New York
THE MACMILLAN COMPANY
LONDON: MACMILLAN & CO., Ltd.
1905
All rights reserved
Copyright, 1905,
By THE MACMILLAN COMPANY.
Set up and electrotyped. Published April, 1905.
Norwood Press
J. S. Cushing & Co.—Berwick & Smith Co.
Norwood, Mass., U.S.A.
TO
NORMAN HAPGOOD
CRITIC AND FRIEND
AUTHOR’S NOTE
The invocation of Ingimund to Odin, [on page 38], is adapted from Fragments of a Spell Song, preserved as an insertion in the Great Play of the Wolsungs, and to be found, both original and translation, in the Corpus Poeticum Boreale of Vigfusson and Powell, Oxford, 1883.

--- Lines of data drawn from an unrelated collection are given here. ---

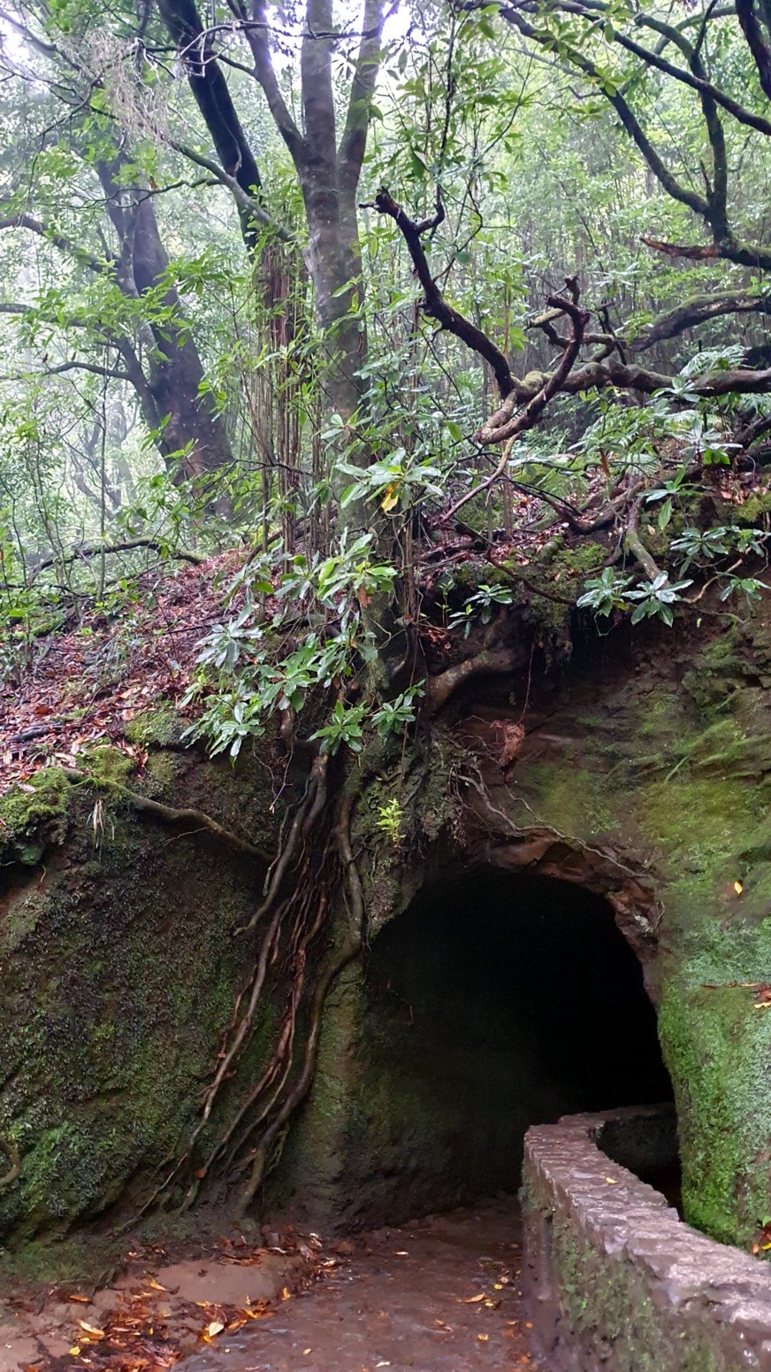 de un bosque de laurisilva, donde el agua abundante se dirige a través de esta levada ya histórica, construida en el siglo XVIII, a las tierras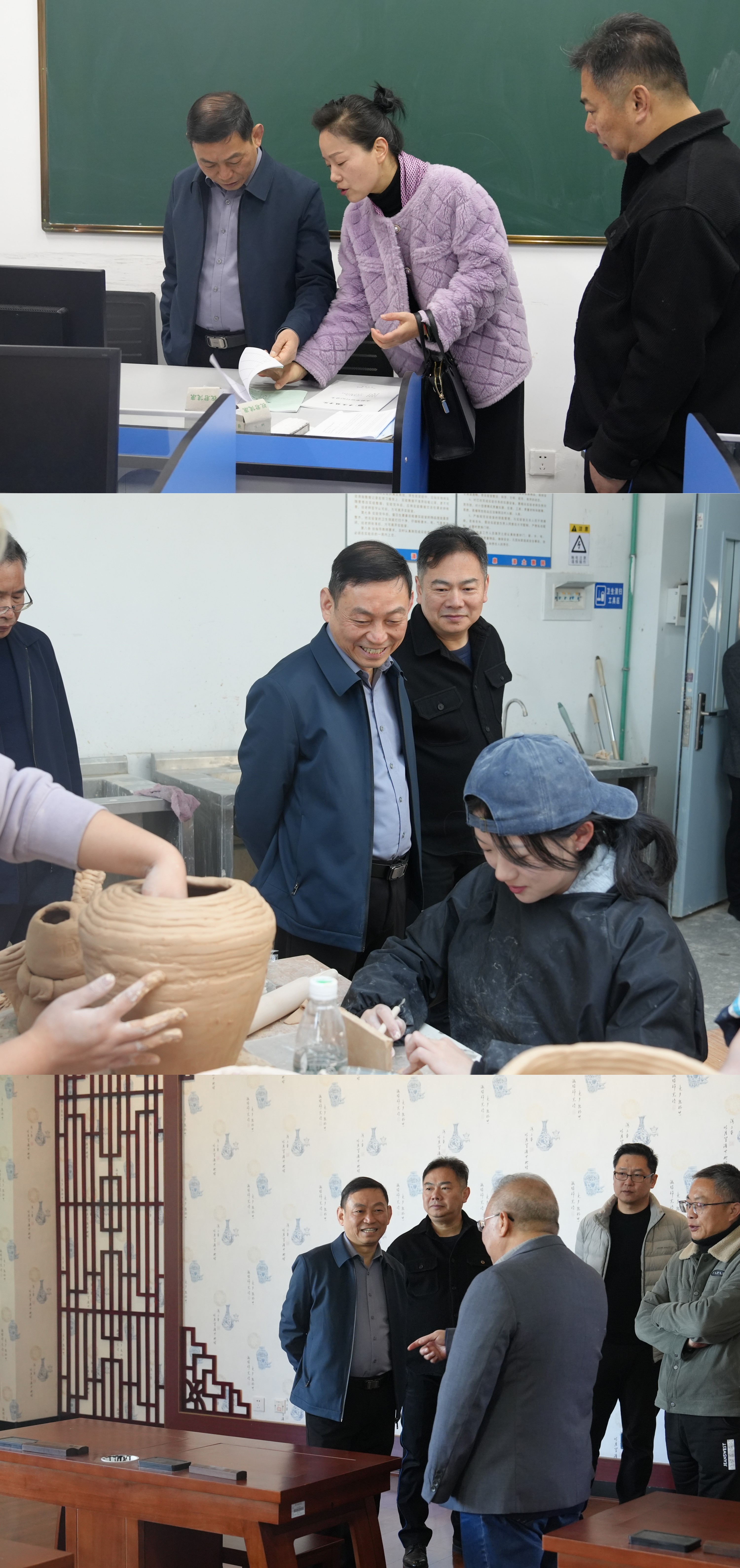 (本网讯:李婷婷、校报记者丁小娟)3月20日上午,校党委副书记、校长陈运平,党委委员、副校长方漫先后走访外国语学院、陶瓷美术与设计艺术学院、教育学院调研师范类专业认证工作准备情况。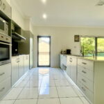 – Modern kitchen with stone bench tops, stainless steel appliances & dishwasher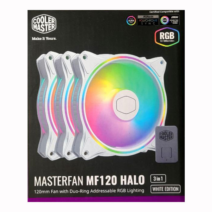 سه عدد فن MASTERFAN MF120 HALO WHITE EDITION در بستهبندی کالا قرار دارد.
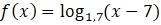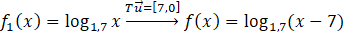 Zauważ, że funkcja f(x) to funkcja f1(x) = log1,7x przesunięta o wektor [7, 0] (pamiętaj, że przesuwając o wektor funkcję, od argumentu funkcji, czyli x odejmuje się wartość pierwszej współrzędnej, a nie dodaje, więc odczytując ten wektor musisz zmienić znak na przeciwny).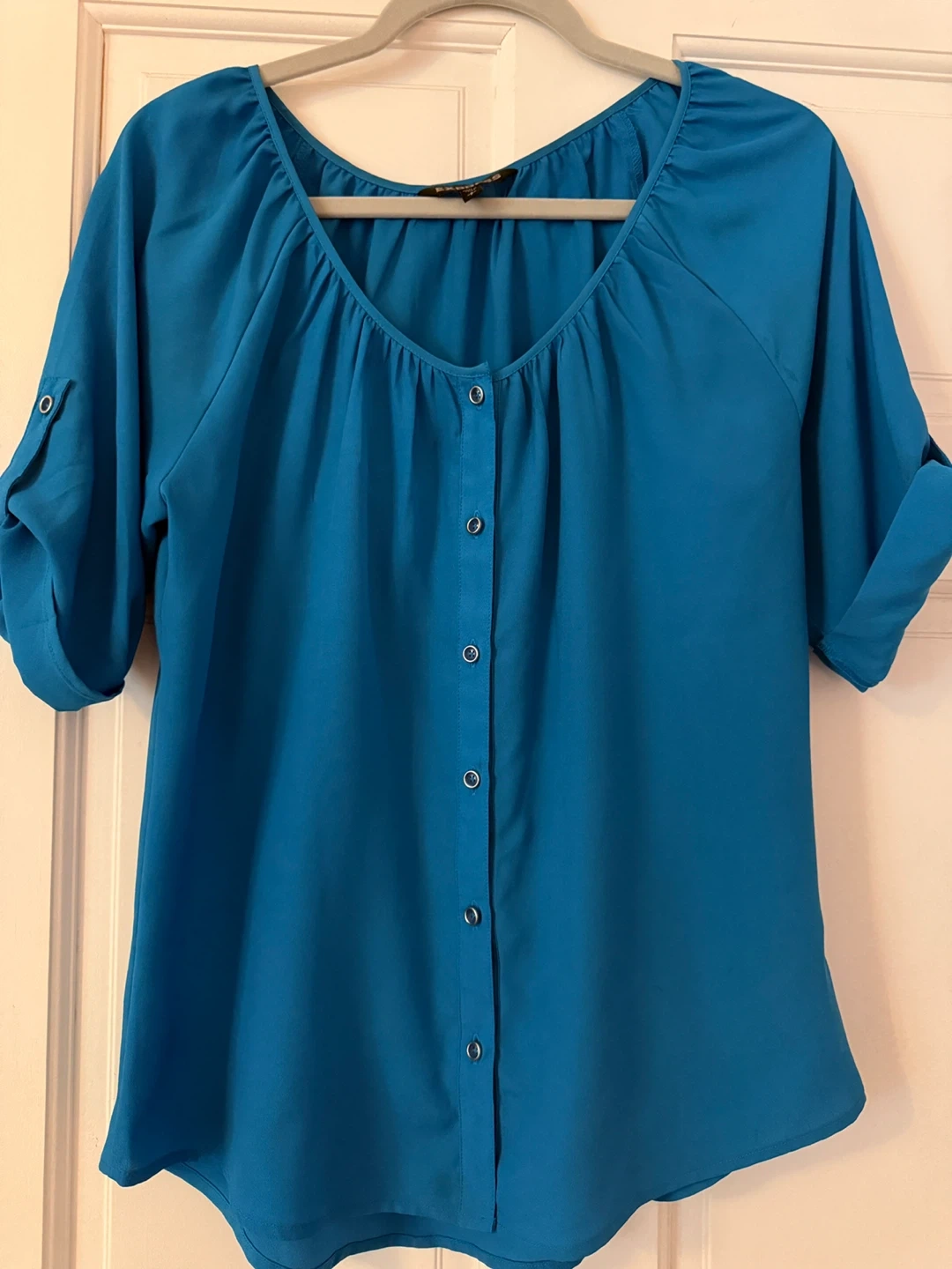 206I'm selling a cute blue button-down top from Express! It's a size small and in great condition. The color is a beautiful bright blue, perfect for adding a pop of color to your wardrobe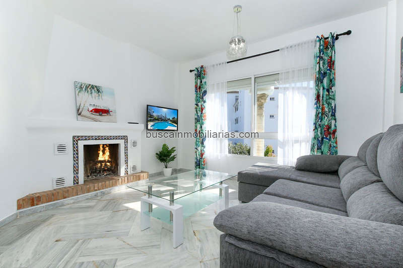 A tan sólo 300 metros de la playa. Consta de 3 dormitorios, 2 baños reformados, salón con dos terrazas y chimenea, cocina totalmente equipada con vistas al mar, enorme solárium con vistas panorámicas. Esta propiedad tiene mucho espacio y está en una urbanización privada con un estilo andalusí único (complejo muy bien cuidado), con una piscina comunitaria rodeada de hermosos jardines con una amplia variedad de plantas exóticas.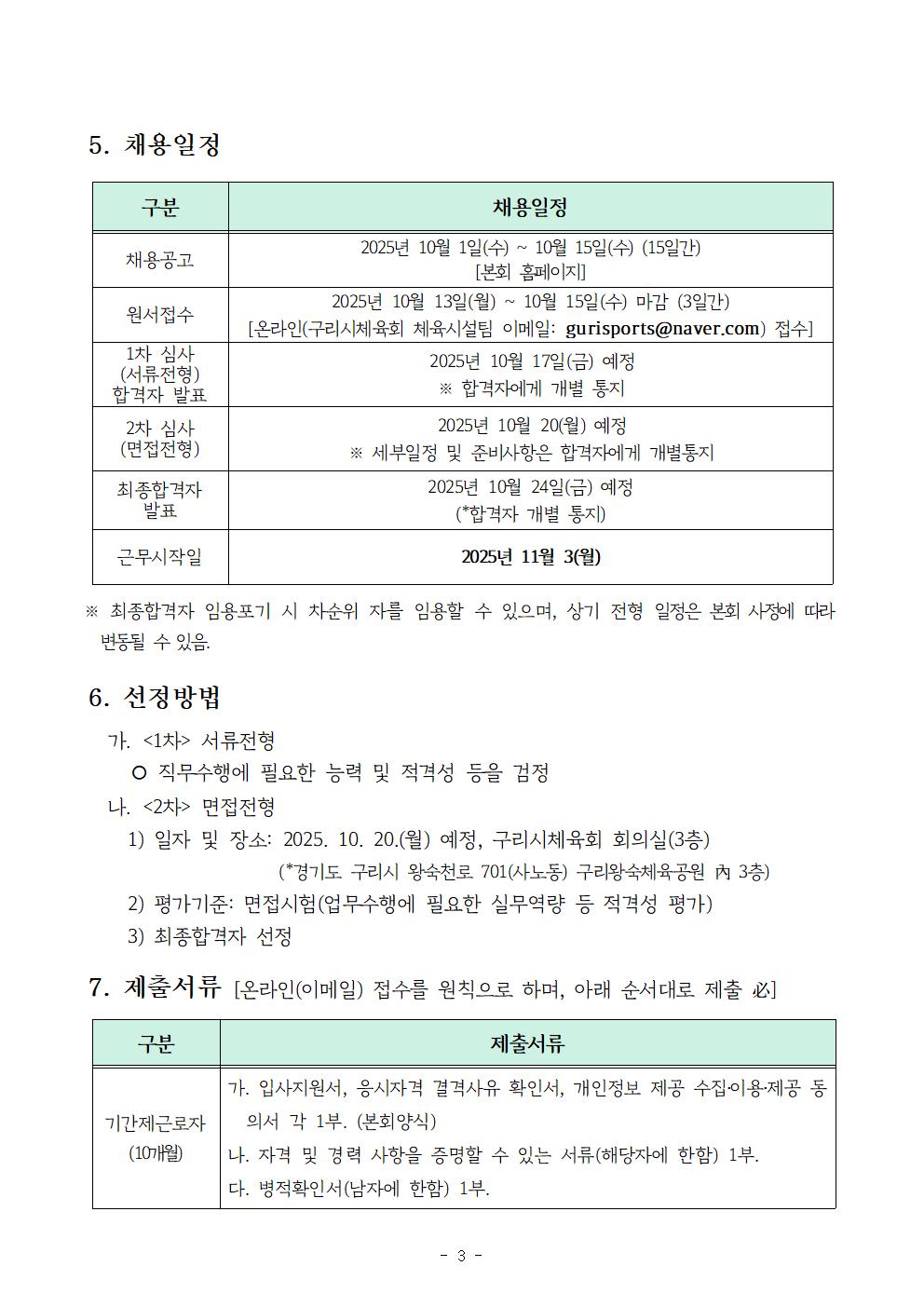 구리시체육회 수탁체육시설 기간제근로자 채용공고

For dramatic reasons, various liberties have been taken by the writer with those elements of this play which are drawn from Scandinavian mythology. For example, according to mythology, the Fenris-wolf is the offspring, not of Odin, but of Loki; the wolf and Baldur are not brothers; no mention is made of the wolf’s Pack. Moreover, in the Old Icelandic utterances of the Pack—for purposes of sound merely—a preterite form has twice been used for a present tense, as in Ulfr sofnathi, “the wolf sleepeth.”